Do Dogs Go to Heaven? Saying Goodbye to Our Good Little Cockapoo Blondie

    Seeking Christ

    On April 16, 2026 by Reading Time: 3 minutes

    “What shall we wrap her in?” I asked my oldest daughter, Joy. “It’s too hot for a fuzzy blanket. Do you have an extra twin sheet in your room?” 

    “Yes, I think so,” she said through tears, our eyes locked.

    “And it can’t be a fitted sheet. We can’t have that elastic in the edges. It must be a straight sheet.” 

    She nodded in agreement and went upstairs to see what she could find.
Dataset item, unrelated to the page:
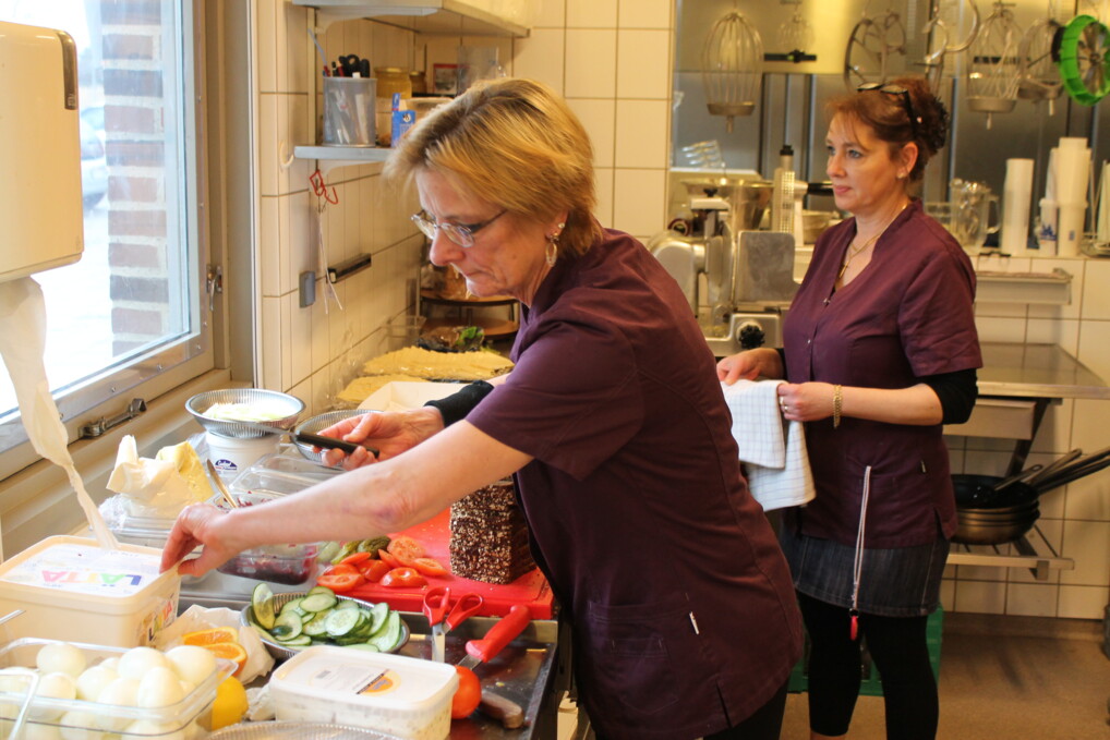 Anne Andersen og Roxana Chelu gør klar til dagens smørrebrød. Cafe Hjertetræet er en del af Avedøre Kirke og fungerer samtidig som aktiveringsprojekt for Hvidovre Kommune. (Foto: Rikke Strandgaard)

    Blondie, our beloved cockapoo of fifteen years, lay listless in my youngest daughter’s lap, between her brother and her fiancé. After digging a small grave in the backyard at the perfect spot we had picked out, the three of them were hot and sweaty.

    Hours earlier, I had scheduled an appointment with Lap of Love, an in-home euthanasia service. I hate death and didn’t wish to rush it along, but our good little dog had cancer and had quit eating and drinking. 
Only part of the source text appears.